Cet entrisme à bas bruit et insidieux est alimenté par des « circuits financiers », y compris depuis « l’étranger » poursuit le rapport, qui pointe ouvertement du doigt des pays comme la Turquie, le Koweït et le Qatar. Au risque de répercussions diplomatiques ? « Oui, forcément, se prépare-t-on Place Beauvau, c’est un désaccord qui fait partie de l’équation des relations internationale. »Idem pour l’Union européenne, dont les institutions subissent le lobbying de relais identifiés de la nébuleuse (Femyso, CEFR, Europe Trust… lire notre article page 24). « Il y aura sans doute des réactions, mais l’Autriche, la Belgique, l’Espagne et l’Allemagne sont sur notre ligne. La bataille n’est pas perdue », rassure ce haut responsable, malgré « la naïveté » qui persiste en Occident. Bruno Retailleau aborde d’ailleurs la menace frériste avec ses homologues européens dès qu’il en a l’occasion, comme lors d’une visite au Royaume Uni récemment.

En attendant la révélation du rapport, ses auteurs ont procédé, ces derniers mois, à son « caviardage » pour en supprimer les éléments les plus sensibles. « La version classée « secret », construite avec des informations fournies par les services de renseignements français et étrangers, a été modifiée pour en protéger les sources et en expurger les noms des personnes, des villes et des structures, précise une source sécuritaire. Rien ne doit compromettre le secret et le travail des services. » Seules les personnes et entités impliquées dans des affaires judiciarisées ou des procédures administratives connues sont citées. Résultat : le rapport, transmis aux ministères des Affaires étrangères et des Armées, à Matignon et à l’Élysée, fait un peu moins de 90 pages, sa version censurée un peu moins de 70. « On a tout laissé dans les limites du possible », résume un relecteur avisé. Volonté du patron.

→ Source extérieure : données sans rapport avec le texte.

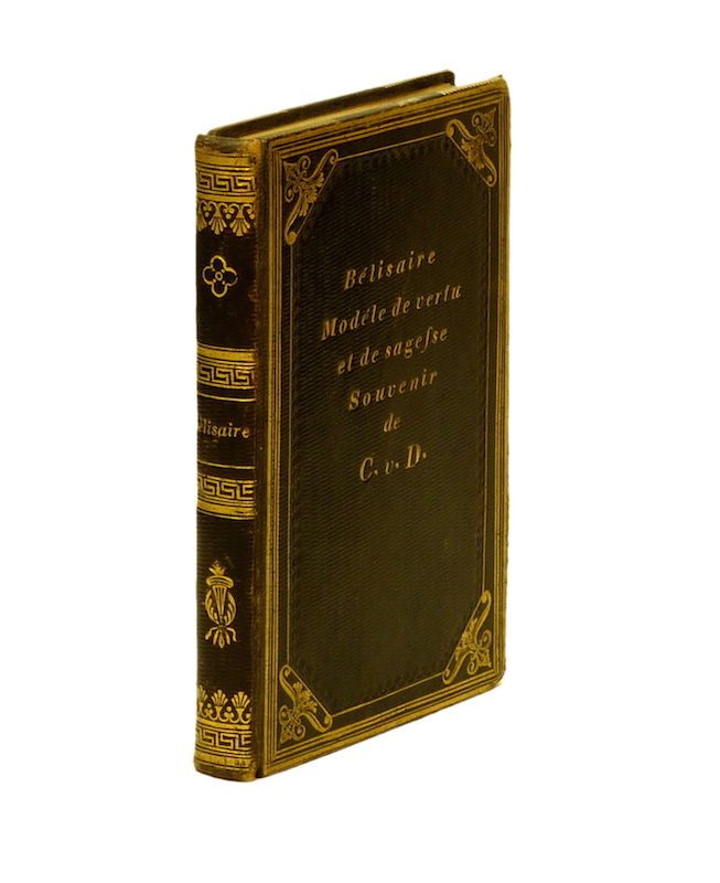 Paris, Chez Mme Veuve Dabo, 1824. 12mo. (4),+ 218 pp.+ 4 engraved plates. Small stains. Stamp ”S. D.” on title leaf. Very nice black contemporary morocco with gilt spine, boards and edges. Illegible signature on fly leaf. Front board with the gilt inscription ”Bélisaire. Modéle de vertu et de sagesse. Souvenir de C. v. D.” With the bookplate of Nils Fries.

Car c’est là la nouveauté de ce document sans précédent. « Il n’y a pas de révolution sur le fond, mais le danger est enfin désigné officiellement, insiste un cadre de Beauvau. Avec ce rapport, nous avons des documents, des stratégies, des plans de conquête, pas des fantasmes. Évincés d’Égypte et de Tunisie, les Frères musulmans recentrent leur action en Europe et en France. Ils sont la matrice de l’islam politique, une menace majeure pour la cohésion nationale. » Un temps envisagés, leur interdiction et leur classement comme organisation terroriste ont toutefois été abandonnés. Trop compliqué. « On n’a pas les preuves pour une dissolution », a même reconnu Bruno Retailleau, qui annoncera bientôt un plan d’attaque. Et puis, le Conseil d’État veille. « On ne dissout pas une idéologie » , appuie un conseiller. Déjà en guerre contre le narcotrafic et l’immigration clandestine, l’homme fort de la droite ouvre un nouveau.